**Given records:**
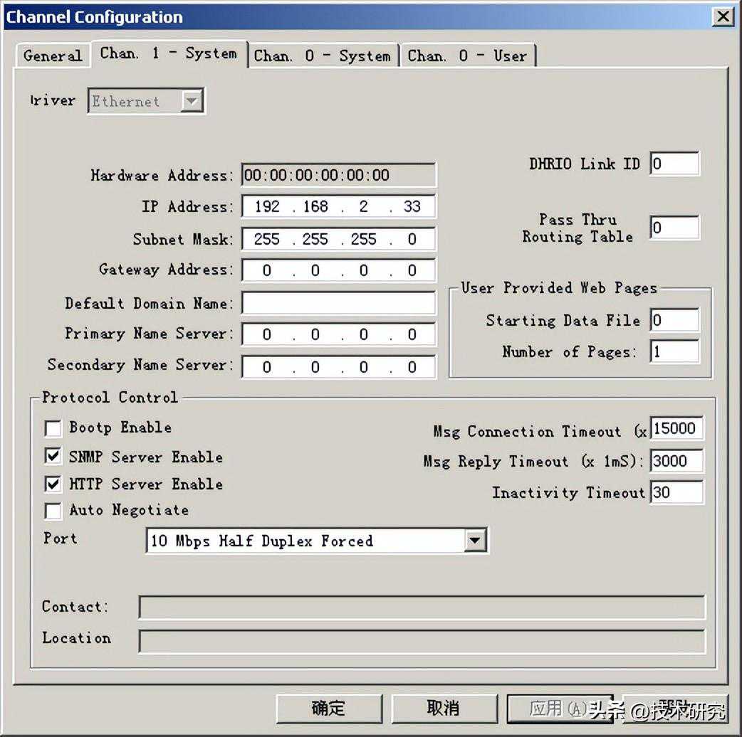 如图12所示,对于SLC551型PLC,它的通道1(Channel1)是以太网接口。我们在这里所需的进行的配置如下:
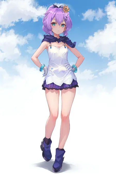 可选提示词:bracelet,white gloves, purple_hair, mini_crown,white_camisole, hair_ornament, black_ribbon, hair_ribbon,blue hood,
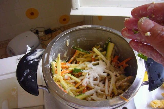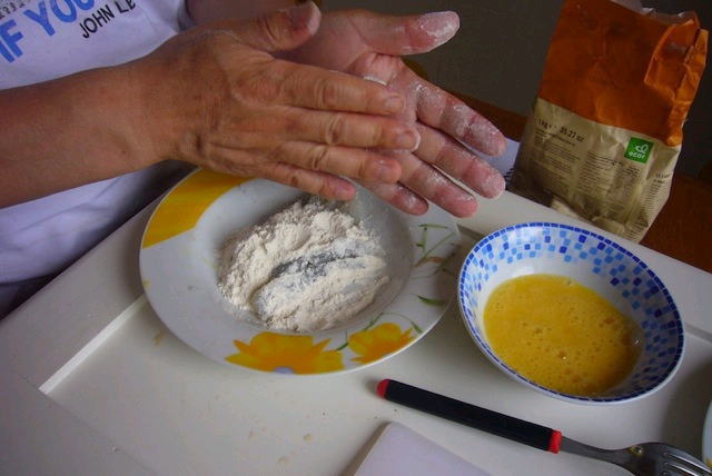 | 天ぷらの衣をつけるボールが無い。 ナベに直接、粉と卵水を入れるというやり方 に切り替える。 量を作るときに有効。 |
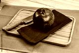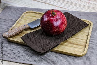 Whole pomegranate fruit on a napkin / cloth on a wooden tray on the table. A large red ripe pomegranate with a knife next to it, ready to be opened. The concept of healthy living. Fruit pomegranate.
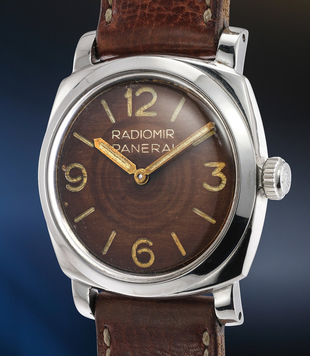 It is however the extraordinary “Radiomir Panerai” sandwich dial that makes the present reference 6154 unique, and one of the most beautiful of all known examples. The ‘tropical’ dial has aged to a superb and harmonious shade of chocolate brown, with mesmerizing, concentric rings of discoloration. The dials of the 6154 were especially susceptible to fading due to a flaw in the paints used. Among all 6154 examples known, less than a handful have survived with such a lovely, deep brown color.
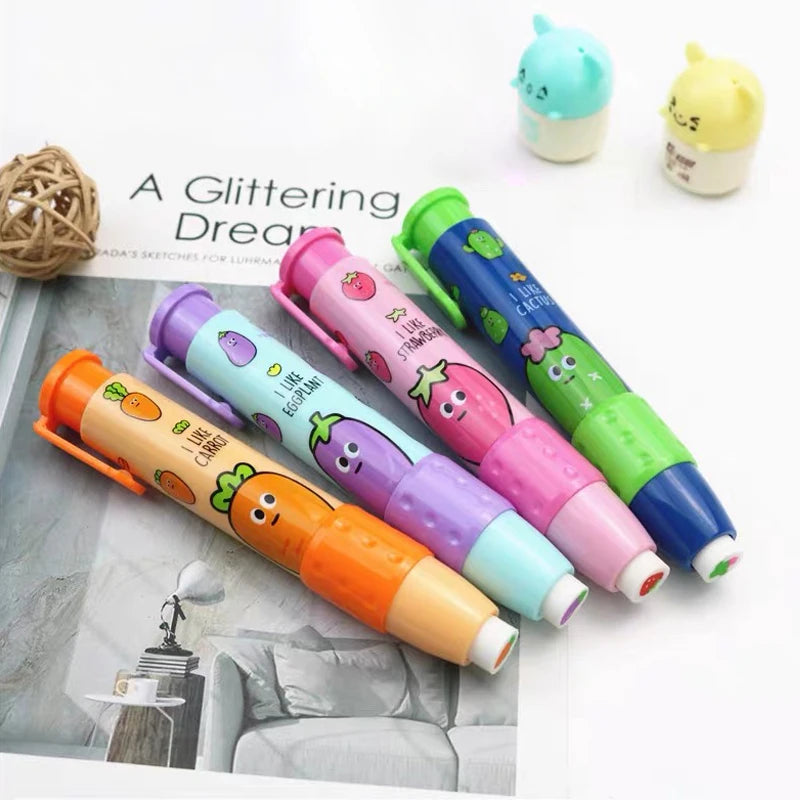 1pc Cartoon vegetables and fruits Push-pull Erasers Student Rubber Writing Drawing Eraser Creative Pencil Eraser School Supplies

**What is needed:** Copy only this, please: the line with "It is however" and every line after it through the end of the data, with no pictures.

**Solved exercise:**
 It is however the extraordinary “Radiomir Panerai” sandwich dial that makes the present reference 6154 unique, and one of the most beautiful of all known examples. The ‘tropical’ dial has aged to a superb and harmonious shade of chocolate brown, with mesmerizing, concentric rings of discoloration. The dials of the 6154 were especially susceptible to fading due to a flaw in the paints used. Among all 6154 examples known, less than a handful have survived with such a lovely, deep brown color.
 1pc Cartoon vegetables and fruits Push-pull Erasers Student Rubber Writing Drawing Eraser Creative Pencil Eraser School Supplies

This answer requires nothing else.